En ce moment, l’air est un peu frais sur la terrasse de Cal Penyora, et l’envie monte en moi de me transformer en piéton du Lluçanès. J’en saisis la cause : de ma chaise, on n’échappe pas à l’horizon enfermé dans un point de lumière au bout du corridor formé par l’unique rue. Les villages catalans sont ronds de se blottir autour d’un toit d’église romane ou de château médiéval. Par son étirement, Santa Eulàlia contredit cet esprit de couronne. Il est écrit dans son extrait de naissance qu’il n’eut d’autre raison de vivre que d’abriter intra muros pour la nuit les défilés de moutons. Un point d’eau, une maison, puis deux, puis trois, puis quatre, et toujours en suivant le fil de la transhumance...
Bien de nos écrivains, Antoine Blondin le premier, ont poursuivi en vain le rêve de passer derrière un comptoir, ne serait-ce que pour observer le monde depuis cette position. Ramon Erra, auteur de En dénouant le mouchoir, un roman témoignant d’un imaginaire extrêmement fertile, y est parvenu à Cal Penyora par un simple fait d’association familiale, un phénomène dont la ruralité catalane est vertébrée. Chaque matin, Ernest, le père, allume le feu dans l’âtre ce qui vaut aux clients une saine application de tomate sur les tranches de pain brunies.

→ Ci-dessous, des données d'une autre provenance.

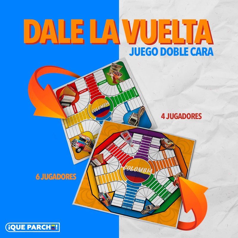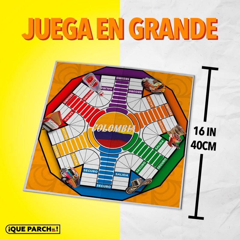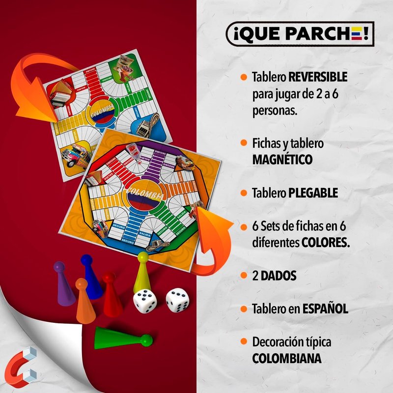 ¡Qué Parche! Juego de Parques Colombiano para 2 a 6 personas! Perfecto para recordar viejos tiempos con tus cuchos/padres, hermanos o primos, compañeros del colegio o los amigos del barrio de toda la vida. Contiene 24 fichas magnéticas y dos dados, y se dobla en 4 partes para que lo puedas guardar donde quieras. ¡El tablero es plegable y magnético, con un diseño de dos lados: un lado para jugar con 4 jugadores y el otro con 6 jugadores! Está decorado con imágenes que representan nuestra amada tierra COLOMBIA, y el diseño gráfico fue hecho por un colombiano, ya que hay que ser colombiano para saber lo que nos gusta. Es un juego ideal para adultos. Es recomendable a partir de los 21 años. Para los adultos, no importa la edad ni el lugar donde se juegue, lo importante es pasar buenos momentos con la gente que quieras disfrutar. It is an ideal game for adults. Play anywhere with your family and friends; for 2 to 6 players age 21 and up. Includes 24 magnetic pawns and a pair of dice. Pick your favorite color and have fun. It does not matter if you are Colombian or from any other country, we are sure that you are going to have fun and you will remember it for ages.

Emilia, la mère, fait monter les saveurs du sanglier et de l’oie quand elle ne grille pas un lapin dans un buisson de farigoule.Teresa, l’une des filles, est préposée aux desserts et elle roule comme personne les « bras de gitan » dans lesquels elle emprisonne une crème jaune pâle. Sa soeur Àngels pilote énergiquement le service. Faussement placide, Ramon Erra est au percolateur. Ses yeux crépitent : chaque conversation représente probablement le sujet d’une nouvelle qu’on ne lira jamais mais on imagine que des bribes arrangées viendront se suspendre au balcon de quelque intrigue. Nous avons parlé. Nous reparlerons. Les terroirs sont des commodes dont on ne peut pas ouvrir d’un seul coup les nombreux tiroirs. Au passage, averti de mon nom, il m’a trouvé un ancêtre bien peu recommandable: un Tarragó du XVIIème siècle qui, appelé par les communautés villageoises du Lluçanès, déterminait si la malheureuse désignée était ou non une sorcière. Si vous passez par là, arrêtez-vous à Santa Eulàlia de Puig-Oriol, ça vaut cent Lloret de Mar et deux cents Saint Cyprien.
Il m’est tout à fait impossible de poursuivre. Un « xató » m’attend près de l’âtre : c’est de la scarole agrémentée de morue douce et prise dans une sauce fauve où l’ail, l’amande et la noisette ne sont pas les moins perceptibles. J’aurais aimé vous parler de l’église de Lluçà, des petits chênes verts disséminés autour des tables granitiques concurrençant les grès fragiles. Ce sera pour une autre fois. Il est à peu près sûr que je reviendrai. Uror et in montes flammata mente revertor (Je brûle et je retourne dans les montagnes l’âme en flammes). C’est tiré de Pétrarque et relevé dans la Correspondance de Cingria que j’ai emportée avec moi. Notre Genevois conclue parfois ses lettres par un tibi et vale. Je fais de même.